Primitive Man - Caustic

It feels like Primitive Man has been around forever, but in reality their debut full-length Scorn came out only four years ago.  Since then, however, they've released nearly a dozen singles, splits, and the EP Home is Where the Hatred Is, making them one of the more prolific bands going.  The Denver sludge trio has put out some of the darkest, most repulsive sludge around in the past four years, and with the release of their sophomore LP Caustic, it appears that was just a warm up.

The first thing I noticed about Caustic is that it is long.  Like long.  The twelve tracks range in length from 41 seconds to twelve and a half minutes; no matter the length, each track is stuffed with Primitive Man's unrelenting, oppressive sludge.  What's interesting - and impressive - is the way the band manages to take what could easily become a boring amalgamation of noise, crashing cymbals, and harsh vocals, and vary things up enough to hold your rapt attention for over an hour (mostly).
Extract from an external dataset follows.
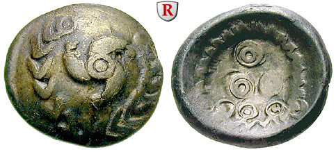 Rainbowcup 20 mm 1. cent.BC. Triskelis within wreath / Six annulets, three with pellet within them and three with an annulet; around, zigzag border. Dembski 469; good very fine

"Victim," for instance, has an undeniable groove running under all the feedback that could be the backbone of a Clutch or early-Sword jam if you cleaned off the tons of grime and muck Primitive Man cover it with.  "Commerce" is a twelve minute jam that's all over the place; sludge riddled with noise, switching tempos and keeping the listener off balance for the majority of its run time.  "Sterility" is an absolute burner, a track that roars and smolders before being snuffed out in a wail of feedback.

The back half is where Caustic truly shines, however.  "Sugar Hole" is a dirge that plods forward unrelentingly, a perpetual motion machine of death and despair.  The one-two knockout punch of "Disfigured" and "Inevitable" somehow takes the previous intensity of Caustic and ups the ante considerably; the back half of "Inevitable" especially is soaked in vitriol and lit on fire.  The album's closing track "Absolutes" is a noise track that unfortunately doesn't do much for me.  It's definitely unsettling, but after the intensity of "Inevitable," it feels like a let down.

It truly is amazing that PM is a three piece; the rhythm section of Jonathan Campos and Joe Linden sound HUGE, while guitarist/vocalist Ethan Lee McCarthy has one of the best, most recognizable voices in extreme music right now, while also playing a mean guitar.  The band uses feedback and tuning to their advantage, playing as loud as they can as close as they can to create a sound that is absolutely smothering; even "quieter" moments are discomforting.

Primitive Man is certainly not a band for everyone, but people looking for something dirty, abrasive, and absolutely fucking miserable are in for a treat.  Caustic takes the formula the band began on Scorn and continued on its myriad releases over the next few years and pushes it ever further over the edge.  While I'll admit I can do without the straight-up noise tracks, the band is clearly passionate about it, and the way they fold noise into their blackened sludge is sensational.  Caustic oozes contempt and hatred through every note of its runtime, and those willing to listen are in for a treat.